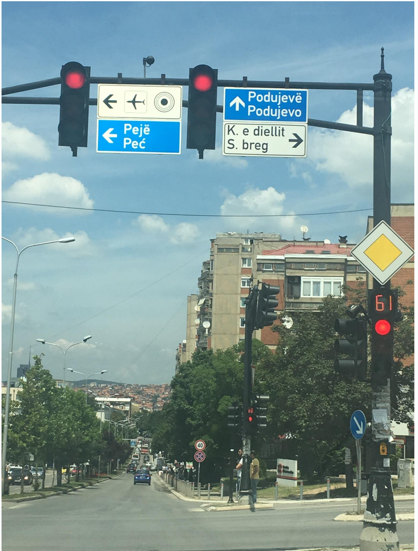
Mirëmbajtja e semaforëve.
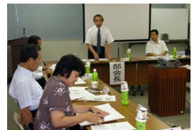
活発な意見が飛び交ったシニアパワー部会

現在区内では大規模マンションの建設が続いています。人口が急増した地域では、人間関係が希薄になると同時に、地域活動の担い手が不足することが懸念されます。このような中、多様な経験や知識をお持ちのシニア世代が、地域で力を発揮することが期待されています。区民会議ではこうした観点から、「地域コミュニティの充実」のテーマの下、「シニアパワー部会」を設けて議論を深めました。今回のツアーは、「シニアパワー部会」での議論を基に企画されたものです。
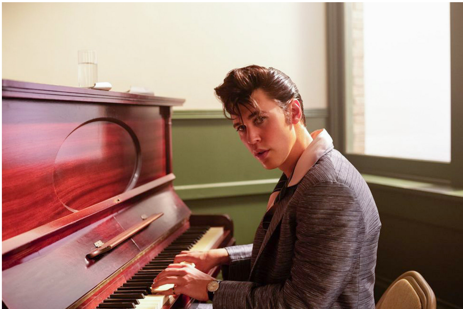
《猫王艾维斯》剧照。

因为没有这种深入，即使是一个人的生命的陨灭，也没有好莱坞传统战争电影那种沉甸甸的质感，则更多的只是一种礼貌性的概念上的喟叹。
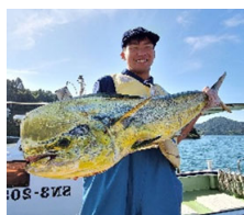
ビッグワングット！
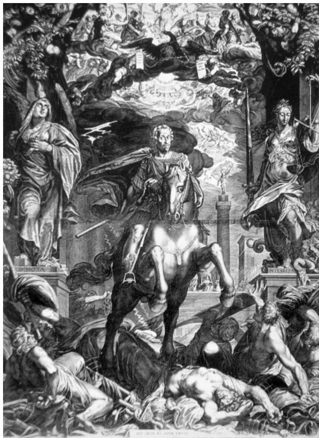
EGIDIUS SADELER, Trionfo dell'imperatore Ferdinando II (incisione).

strazione dei quali può essere segnalato il Trionfo dell'imperatore Ferdinando II , eseguito nel 1629 da Egidius Sadeler 36 .
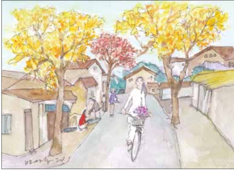
Minh họa: HOÀNG ĐẶNG

Tôi dần cảm nhận được vẻ đẹp của một thành phố trẻ bấy lâu người ta vẫn hay nghĩ về. Khoảng thời gian đặc biệt trong những ngày đến với thành phố đã cho tôi những ấn tượng sâu sắc. Một tâm hồn thích sự từ tốn như tôi đã kịp bắt gặp được những nét đặc trưng phố. Bao con đường tôi đi qua đều khoác những sắc màu riêng biệt, người ta đâu quá vội vã, hối hả để làm một điều gì đó. Người đi trên phố có những khoảnh khắc để quan sát mọi thứ xung quanh, những người bạn trên cùng con đường của mình một cách đúng
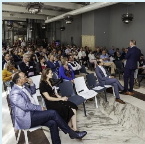
Dag voor de Raad 2019
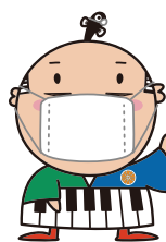
出世大名 家康くん
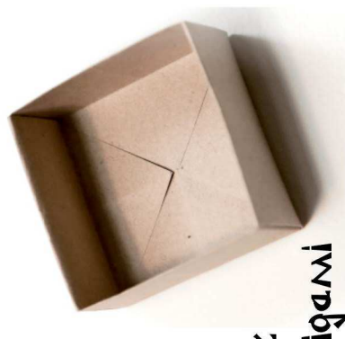
Masure en origami La masure était une petite boîte en bois servant à mesurer la quantité de riz.

Pliage de feuilles de papier carrées pour former sans collage et sans découpage des animaux, des fleurs, des objets.
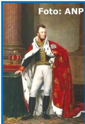
Koning Willem I
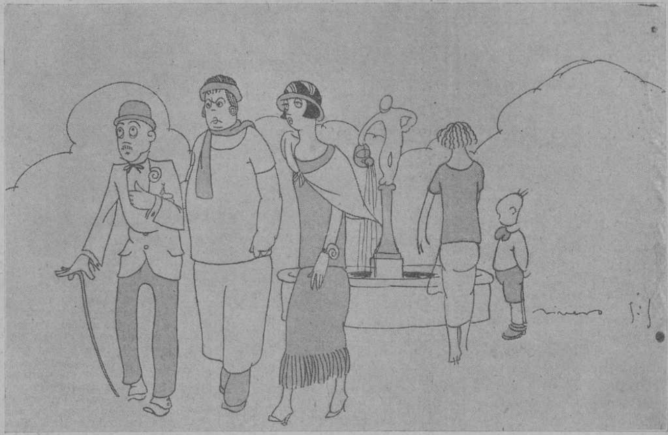
—¡Es insólito, mamá! ¡Ni un pipero en toda la tarde!... —¡Ya, ya! ¡Y luego dicen que estamos en el mes de las flores!...

Daban guardia los mozos de escuadra, y en la plaza de San Jaime rin-
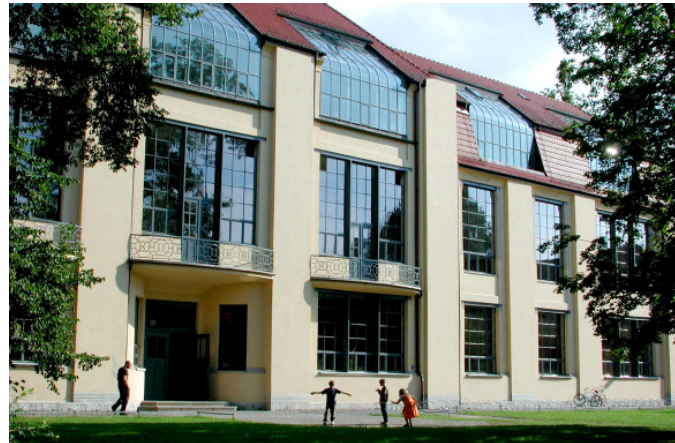
HENRY VAN DE VELDE / School of Art 1904/11 STAATLICHES BAUHAUS / 1919 - 25
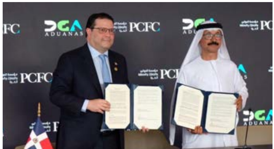
Sanz Lovatón y Ahmed Bin Sulayem en la firma de acuerdo entre República Dominicana y los Emiratos Árabes Unidos.

proceso, se enmarca en la estrategia de transformación y readecuación tecnológica que ha implementado la DGA en los últimos 18 meses, y que forma parte de los esfuerzos para aumentar la competitividad del país a nivel regional.
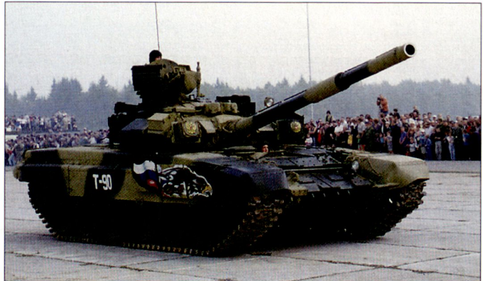
Russland wird in nächster Zeit weitere Panzer T-90S an Indien liefern.

des Volumens kann durch die Herstellerfirmen selber verkauft werden. Die russische Regierung versucht seit einiger Zeit, mit der Schaffung von Holdinggesellschaften und mittels Teilprivatisierung der Rüstungsbetriebe die marktwirtschaftlichen Strukturen im MİK zu verbessern. Diese Anstrengungen sind aber bisher mehrheitlich im Sande verlaufen,
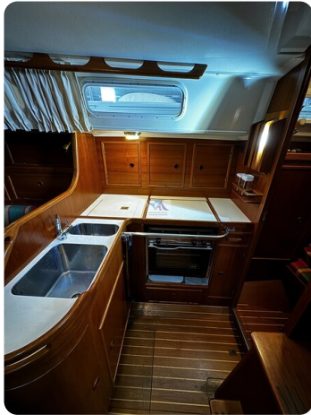
Contest 35S 4
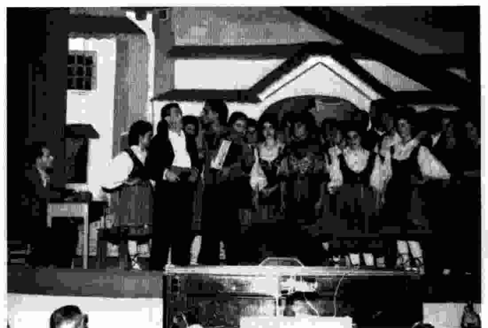
Una representació de La rosa del azafrán de l'any 1962. Aquesta sarsuela va ser una de les més representades per la Schola.
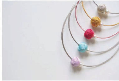
伊賀 BONBON 伝統工芸品・伊賀くみひもと伊勢志摩産のアコヤ真珠を使用した商品。美しさ、高級感を活かしたデザインです。 15,120 円 (税込)
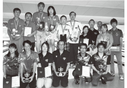
四国選手権大会入賞者
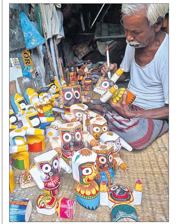
ନବଯୌବନ ଦର୍ଶନର ଅବ୍ୟବହୃତ ପୂର୍ବରୁ କଟକ ଦରଦାବଜାର ଚିତ୍ରକର ସାହି ଅଞ୍ଚଳରେ ଜଣେ ଚିତ୍ରଶିଳ୍ପୀ ଶ୍ରୀମାତଙ୍କ ପ୍ରତିମାକୁ ରଙ୍ଗଭୂଷାରେ ନୂତନ ରୂପ ଦେଉଛନ୍ତି।
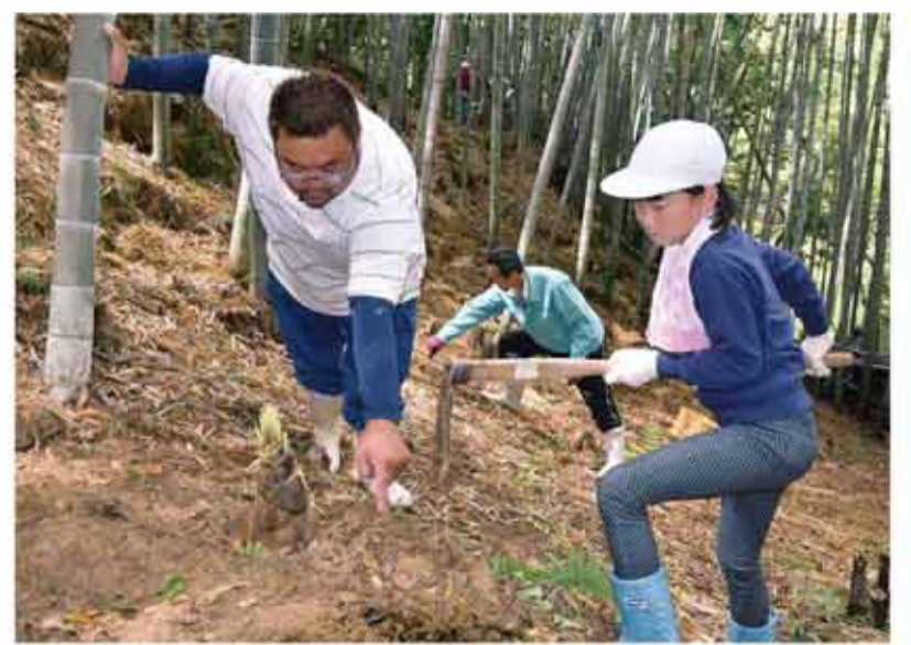
J A 青年部上富田支部が指導にあたった岡小学校のタケノコ掘り体験 (28年4月)

和歌山県とJA和歌山中央会が主催する平成28年度「和歌山県農業教育賞」の受賞校が決定し、上富田町立岡小学校が最優秀賞(知事賞)に輝きました。 県内の小学校を対象に、食農教育で大きな成果をあげている学校を表彰するもので、岡小学校の受賞は、全校児童が6つの縦割り班を組み、学年を超えて助け合いながら野菜を栽培していることや、地元での生産や、地域の生産者やJAの協力で農業体験を行い、地域との交流を深めている点が評価されました。 JA紀南も、地元の青年部上富田支部や上富田事業所、朝来、口熊野支所の職員らが、タケノコの収穫や米作りの指導、協力にあたっていま
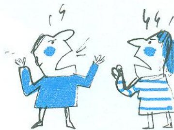
коли сваряться батьки
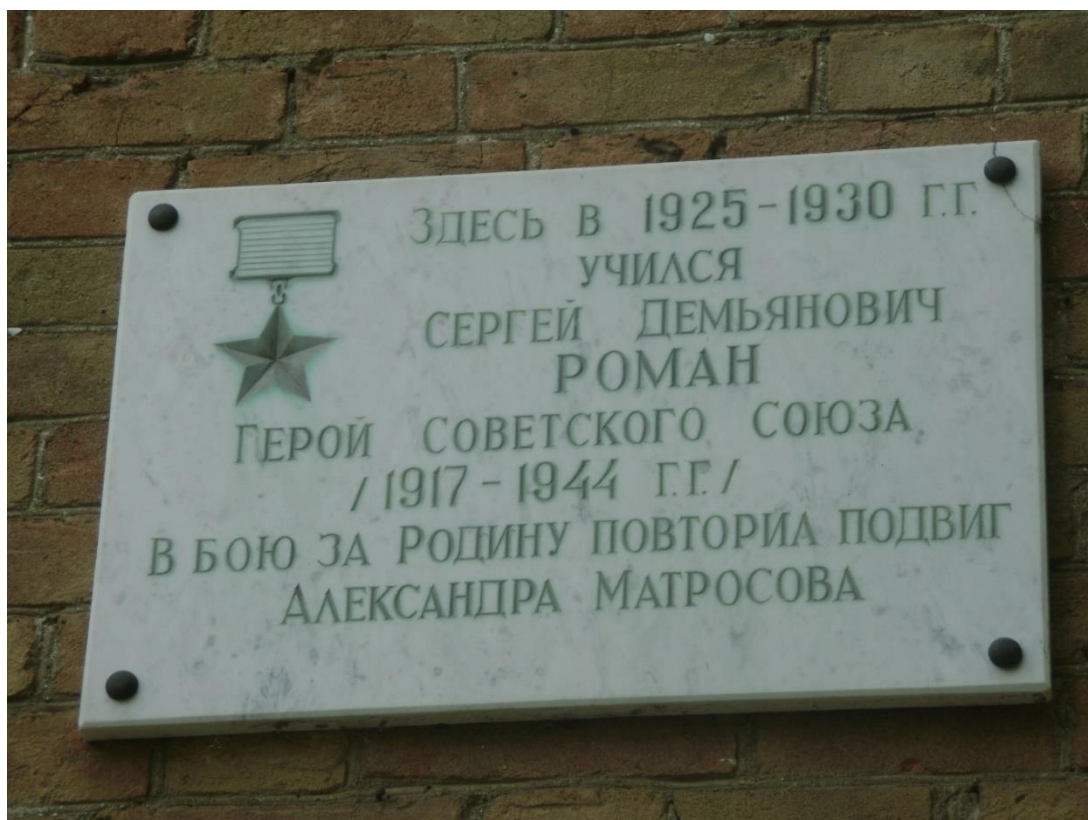
Памятная доска на здании школы в г. Ейске, где учился Герой Советского Союза С.Д. Роман

→ WHAT THIS TASK INVOLVES: Give again, word for word, the lines from the one containing "коли сваряться батьки" through the last line of the entries, with pictures omitted and nothing added.

→ REPLY TO THE TASK:
коли сваряться батьки
Памятная доска на здании школы в г. Ейске, где учился Герой Советского Союза С.Д. Роман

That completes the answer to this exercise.